Lithuania still suicide capital

  • 2002-04-04
  • Rokas M. Tracevskis and Tassos Coulaloglou
VILNIUS

Lithuania once again takes the dubious honor of being the country with the highest suicide rate in the world, according to figures released this week - and the gap between it and the rest of the world is huge.

The news from the Lithuanian Statistics Department is disheartening. Lithuanians commit suicide more often than anyone else in the world. While last year's numbers have decreased slightly from 2000, they remain an almost two-fold increase compared with 10 years ago.

Lithuania leads the world, with 44 citizens out of every 100,000 taking their own lives. Russia is second with 39. Estonia and Latvia are third and fourth with 38 and 36. The average in the European Union is 20.

Sri Lanka has the highest suicide rate outside Europe, with 31 people out of every 100,000 taking their own lives. Other high rates come from Kazakhstan, Hungary and Belarus.

In 1990 the rate was only 26 per 100,000 people.

The numbers released paint a bleak picture, with most suicides taking place in rural areas where unemployment is high and alcoholism rampant.
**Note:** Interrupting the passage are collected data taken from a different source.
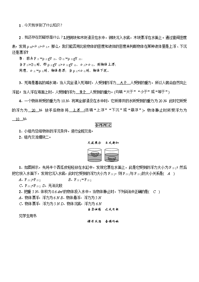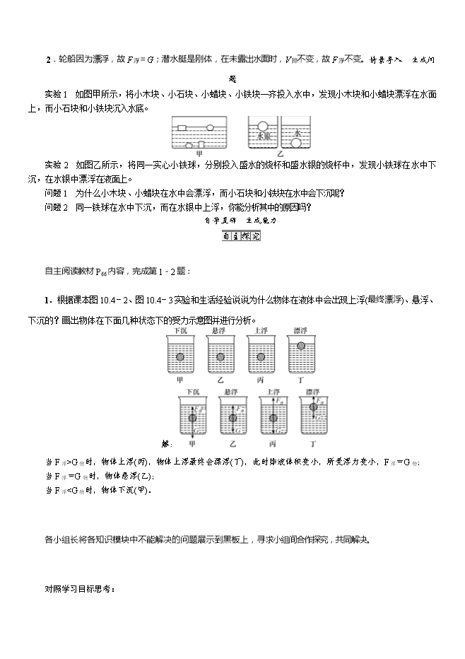 1.知道物体的浮沉现象,能从受力分析的角度判断物体的浮沉状况。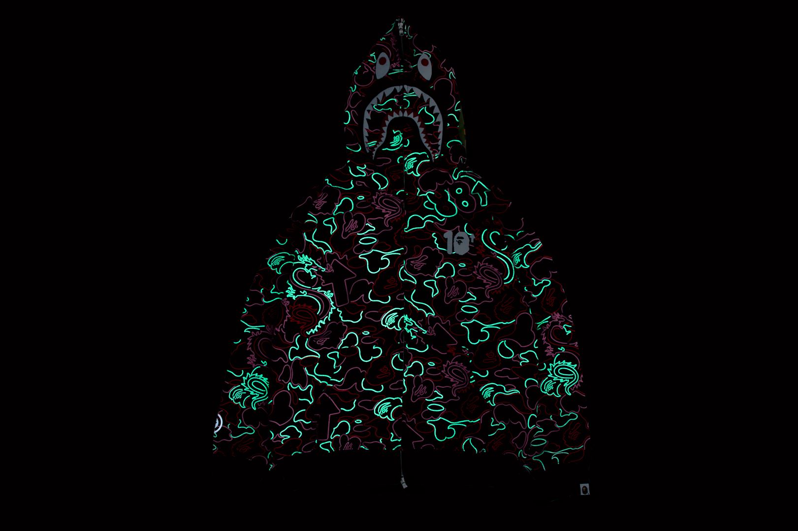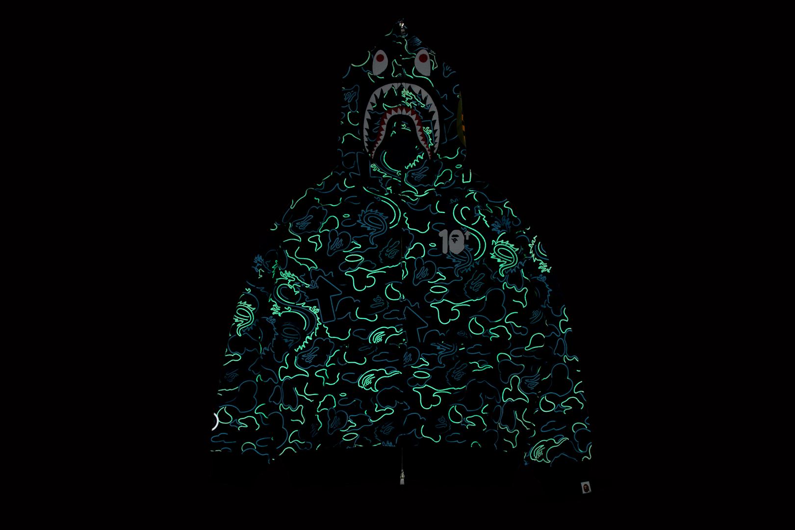 BAPE X 88RISING GLOW IN THE DARK CAMO SHARK FULL ZIP HOODIE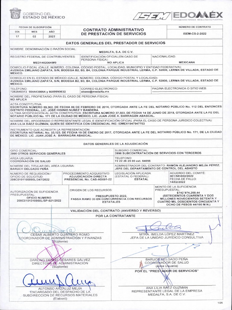 CCONTRATO DE PRESTACION DE SERVICIOS QUE CELEBRAN POR UNA PARTE EL INSTITUTO DE SALUD DEL ESTADO DE MEXICO POR CONDUCTO DEL COOROINADOR DE
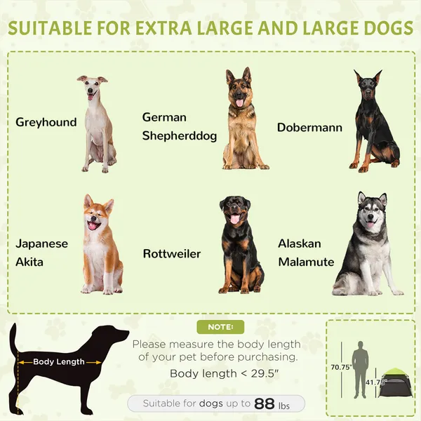 Spacious Pet Tent: With interior dimensions of 43.25"" L x 43.25"" W x 33.5"" H, our pet tent is suitable for extra large and large dogs less than 29.5"" in length and less than 88 lbs. in weight.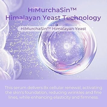 Revolutionary Anti-Aging Formula Infused with HiMurchaSin Himalayan Yeast, this serum provides intensive cellular renewal, visibly reducing wrinkles and fine lines while improving skin elasticity and firmness within one week.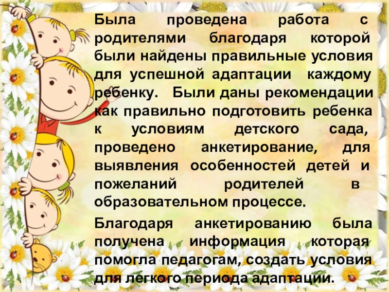 для успешной адаптации каждому ребенку. Были даны рекомендации как правильно подготовить ребенка к условиям детского сада, проведено анкетирование, для выявления особенностей детей и пожеланий родителей в образовательном процессе.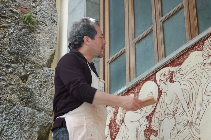 A Casoli oggi effettueranno le proprie opere Franco Pagliarulo - direttore artistico della manifestazione - Marco Pasini e Manuela Sabatini (foto di Viareggino realizzate questo pomeriggio proprio agli artisti).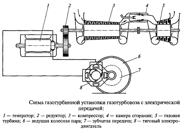 Принцип действия газотурбинной установки газотурбовоза с электрической передачей пояснен на рисунке. Воздух, сжатый в осевом компрессоре 3 до давления 600 кПа, поступает в камеру сгорания 4, где сжигается жидкое топливо. Продукты сгорания при температуре до 730 °С поступают на лопатки газовой турбины 5. Вырабатываемая мощность за вычетом мощности, потребляемой компрессором, передается генератору 1.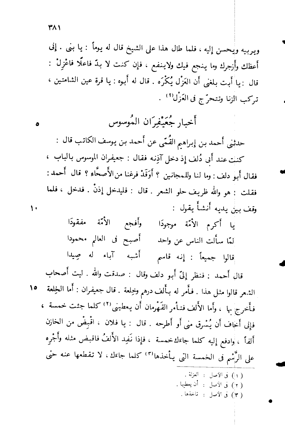 قال أحمد: فنظر إلي أبو دلف وقال: صدقت والله. ليت أصحاب الشعر قالوا مثل هذا. فأمر له بألف دره وخلعة. قال جعيفران: أما الخلقة فأخرج بها، وأما الألف فتأمر القهرمان أن يعطيني كلما جئت خمسة، فإني أخاف أن يُسرق مني أو أطرحه. قال: يا فلان، اقبِض من الخازن ألفاً، وادفع إليه كلما جاءك خمسة، فإذن نَفِد الألفُ فاقبض مثله وأجرِه على الرسم في الخمسة التي يأخذها كلما جاءك، لا تقطعها عنه حتى

According to Onute Davidoniene, director of the State Mental Health Center, pinpointing an exact cause for suicide is impossible. But the clear social and financial problems that exist in Lithuania have had a major effect.

Davidoniene believes that the main reason for the dramatic rise in suicides over the last 10 years has to do with the economic and social transition, which has sharply worsened everyday life for many.

The deep recession resulting from the Russian economic crisis of 1998, which has hit the Lithuanian economy harder than its Baltic and Central European neighbors, is prolonging the phenomenon.

"After independence there was great hope that things would get better, and everybody was waiting for that, but everything is the same and people are without hope," explained Davidoniene.

She especially stressed the problem of suicide in the rural areas and the unambiguous correlation with alcohol.

"Around 80 percent of suicides are alcohol-related, and we see the biggest problems with that in the countryside. In rural areas, everybody drinks."

Nijole Kryzanauskiene, a psychologist from the south-western town of Marijampole, said there was a complex variety of reasons for Lithuania's suicide rate.

Three-quarters of the world's countries and 90 percent of the world's population are living in far poorer conditions than Lithuanians, she argued, so not only social reasons are behind the suicides.

One of them is the Lithuanian mentality, she said - the "stiff upper lip" tradition.

Kryzanauskiene emphasized that Lithuania was the richest republic in the Soviet Union, according to U.S.S.R. statistics - yet even despite that, the suicide rate was higher there than in the rest of the Soviet empire."Lithuanians are emotional and very sensitive people. However, traditions demand that we don't show our emotions in public. Russians can speak about their biggest emotional secrets even to people they have never seen before. Lithuanians are always alone emotionally. Even in the family.

The suicide rate for men is far higher than for women in most countries around the world. In Lithuania, the difference is especially vivid. While 14 women out of every 100,000 take their own lives in Lithuania, so do 74 out of every 100,000 men.

"Men especially hide their emotions," said Kryzanauskiene. "Traditions are very strong among elderly people in the countryside. This is one of the reasons why men, pensioners and farmers dominate the suicide statistics in Lithuania," she said.

Another of the reasons for Lithuania's massive rate of suicide is that little psychological counseling is available, particularly in rural areas. There are telephone helplines people can call to speak with counselors, but Davidoniene believes much more should be done.

"The government has just started a five-to-10 year program, a national strategy for suicide prevention, but it will take some years before the situation really changes."

Alvydas Repecka, a toxicologist with the Baltic-American Clinic in Vilnius, blames alcohol. "The roots of alcoholism are in Lithuania's tragic history. The country lost one-third of its population because of foreign occupations in the 20th century - more than any other. During the Soviet occupation, people had to hide their real thoughts. That was the direct road to alcoholism, a temporary escape route from the stress of reality.

Alcoholism flourishes in the rural areas, where farmers were forced to give up their land and other possessions to the Soviets after World War II. "Now they are forced to adopt free-market rules. But I think the new generation of Lithuanians will be different. They will grow under conditions of freedom, and all these alcohol and suicide problems will be solved," said Repecka.

The media are also to blame, said Kryzanauskiene. "Our newspapers sensationalize about individual suicides. After reading these articles, people can think, 'I'm not alone,' and it will encourage them. I'd prefer that these issues were discussed only by professional psychologists in professional literature," she said.